> **EXERCISE DETAILS**:
A verbatim transcript of the data below is required, images omitted.

> **INPUT DATA**:

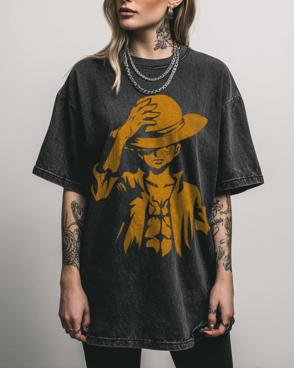 Ready to set sail on the Grand Line with the King of the Pirates? Embrace the adventurous spirit of Monkey D. Luffy with this stylish vector art design! Featuring the iconic captain of the Straw Hat Pirates in a clean, minimalist illustration with a touch of gold, this tee is perfect for One Piece fans…
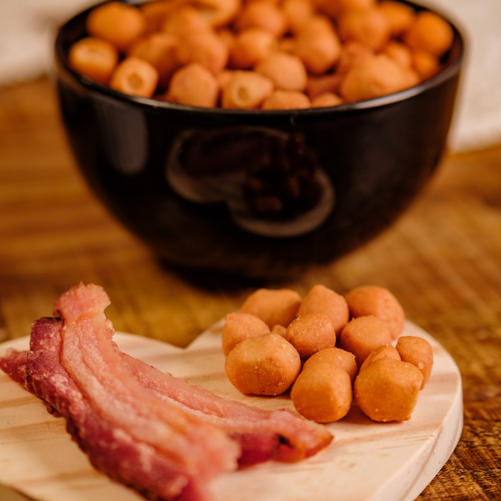 rocante por fora e recheada com pedaços de bacon saborosos, essa bolinha é a combinação perfeita de maciez e sabor intenso.
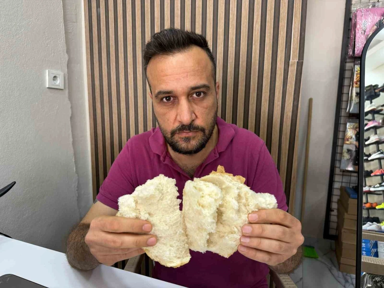 Hatay’ın Reyhanlı ilçesinde kahvaltı yapmak için zincir marketten ekmek alan ailenin ekmeğinden çivi çıktı. Eşinin ekmeği yediği esnada çivinin ağzına geldiğini ifade eden Mehmet Bozar, yaşananları anlattı.
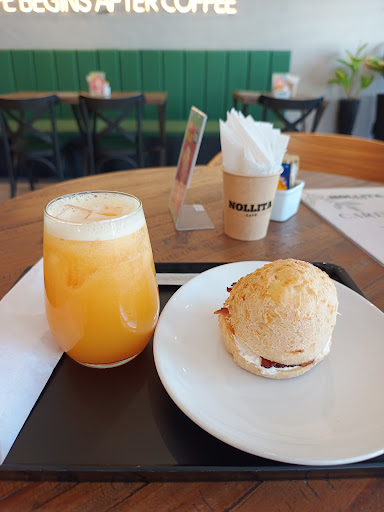 Uma graça de café. Atendimento simpático. Provei o pão de queijo recheado de cream cheese e bacon, mas não achei que ornou muito, não. O cream cheese era bem azedo (de sabor, não que estivesse passado), e o bacon, um pouco duro para morder no meio do pão de queijo. Numa próxima, eu pediria um pão de queijo normal, ou o queijo quente no pão artesanal, que tinha uma cara ótima. O suco de polpa de tangerina não achei ótimo, pediria outro sabor numa próxima ocasião. O brownie de chocolate cortesia era bom, principalmente para quem prefere doce de chocolate meio amargo. Como prefiro coisas mais doces, não foi meu preferido. Pediria outro doce.

> **RESPONSE TO THIS EXERCISE**:
 Ready to set sail on the Grand Line with the King of the Pirates? Embrace the adventurous spirit of Monkey D. Luffy with this stylish vector art design! Featuring the iconic captain of the Straw Hat Pirates in a clean, minimalist illustration with a touch of gold, this tee is perfect for One Piece fans…
 rocante por fora e recheada com pedaços de bacon saborosos, essa bolinha é a combinação perfeita de maciez e sabor intenso.
 Hatay’ın Reyhanlı ilçesinde kahvaltı yapmak için zincir marketten ekmek alan ailenin ekmeğinden çivi çıktı. Eşinin ekmeği yediği esnada çivinin ağzına geldiğini ifade eden Mehmet Bozar, yaşananları anlattı.
 Uma graça de café. Atendimento simpático. Provei o pão de queijo recheado de cream cheese e bacon, mas não achei que ornou muito, não. O cream cheese era bem azedo (de sabor, não que estivesse passado), e o bacon, um pouco duro para morder no meio do pão de queijo. Numa próxima, eu pediria um pão de queijo normal, ou o queijo quente no pão artesanal, que tinha uma cara ótima. O suco de polpa de tangerina não achei ótimo, pediria outro sabor numa próxima ocasião. O brownie de chocolate cortesia era bom, principalmente para quem prefere doce de chocolate meio amargo. Como prefiro coisas mais doces, não foi meu preferido. Pediria outro doce.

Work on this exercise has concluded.